Na década de 1950, com a construção da CHESF, Paulo Afonso foi subitamente alçado ao status de polo regional. A necessidade de acesso rodoviário intensificou-se na medida em que o plano para uma ferrovia até Paulo Afonso foi abandonado. As estradas passaram a ser vistas como via essencial para o abastecimento de material de construção e para o transporte de passageiros. Villas-Bôas (2007, p. 92) analisa esse momento: "A inauguração da usina de Paulo Afonso pela CHESF em 1955 não apenas iluminou cidades, mas redefiniu a lógica de integração regional, substituindo projetos ferroviários por investimentos massivos em infraestrutura rodoviária para escoamento de materiais e pessoal".

Nos anos 1970, ocorreu a formalização do processo de federalização dessa rodovia. Seu traçado antigo foi finalmente batizado como BR-110, dentro da padronização e numeração das rodovias federais, uma ação característica do governo militar.
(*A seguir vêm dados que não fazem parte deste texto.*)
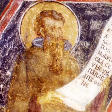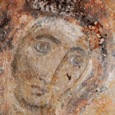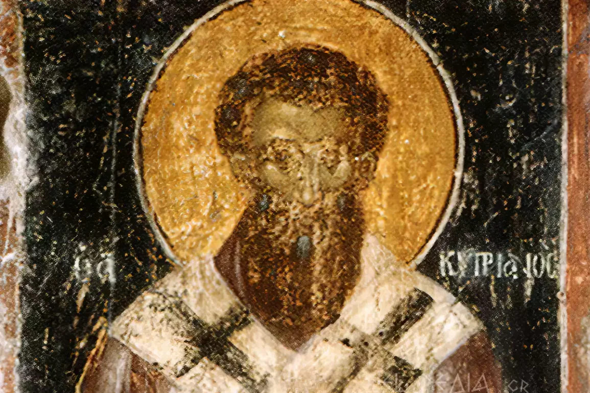 The fresco of Saint Cyprian is an excellent example of late Byzantine art from the early 15th century, adorning the walls of the Holy Monastery of Valsamonero in Crete. The work captures with unique mastery the artistic tradition of the Cretan School, combining Byzantine and Western elements. The mural is part of the broader iconographic program of the church of Panagia Odigitria, dating to the period of Venetian rule. The unknown artist has depicted Saint Cyprian in episcopal attire, holding the Gospel, reflecting his hierarchical status. The fresco is distinguished by its exceptional technical execution, detailed rendering of the clothing elements, and the intense spirituality exuded by the figure of the Saint. The art of mural painting reflects the complex cultural identity of Crete during the period of Venetian rule, where Byzantine tradition coexisted and interacted with Western influences.

A primeira pavimentação asfáltica data dessa época. As obras proporcionaram um aumento significativo no tráfego de veículos e a consolidação de linhas de transporte por empresas do ramo. A cidade de Cícero Dantas foi fortemente impactada por essa mudança: estabelecimentos comerciais foram fundados, postos de combustíveis, hotéis, pousadas, restaurantes e outros comércios deram um novo tom à antiga cidade, que se consolidou como um ponto nodal. O impacto foi percebido não só no comércio, mas no crescimento urbano.

A BR-110 passou por diversos períodos da história brasileira, com inúmeras obras de melhorias registradas, assim como críticas ao seu estado de conservação e demandas por obras que visem à segurança dos usuários.

Assim, a BR-110, que hoje corta o sertão asfaltada e movimentada, carrega em seu traçado a memória secular dos antigos 'caminhos do boi', testemunhando a transformação e a resistência da região ao longo dos séculos.

 

REFERÊNCIAS

ANDERSON, Robert K. O Velho Chico: Uma História do Rio São Francisco. Rio de Janeiro: José Olympio, 1979.

CASCUDO, Luís da Câmara. História da Alimentação no Brasil. 3. ed. São Paulo: Global Editora, 2004.

CUNHA, Euclides da. Os Sertões: Campanha de Canudos. 25. ed. São Paulo: Ateliê Editorial, 2019.

MENDONÇA, Sônia Regina de. Estado e Economia no Brasil: Opções de Desenvolvimento. Rio de Janeiro: Editora FGV, 1998.

SEVCENKO, Nicolau. Literatura como Missão: Tensões Sociais e Criação Cultural na Primeira República. São Paulo: Brasiliense, 1983.

VILLAS-BÔAS, André. A Física do Poder: Energia e Desenvolvimento no Nordeste. Recife: Fundaj, 2007.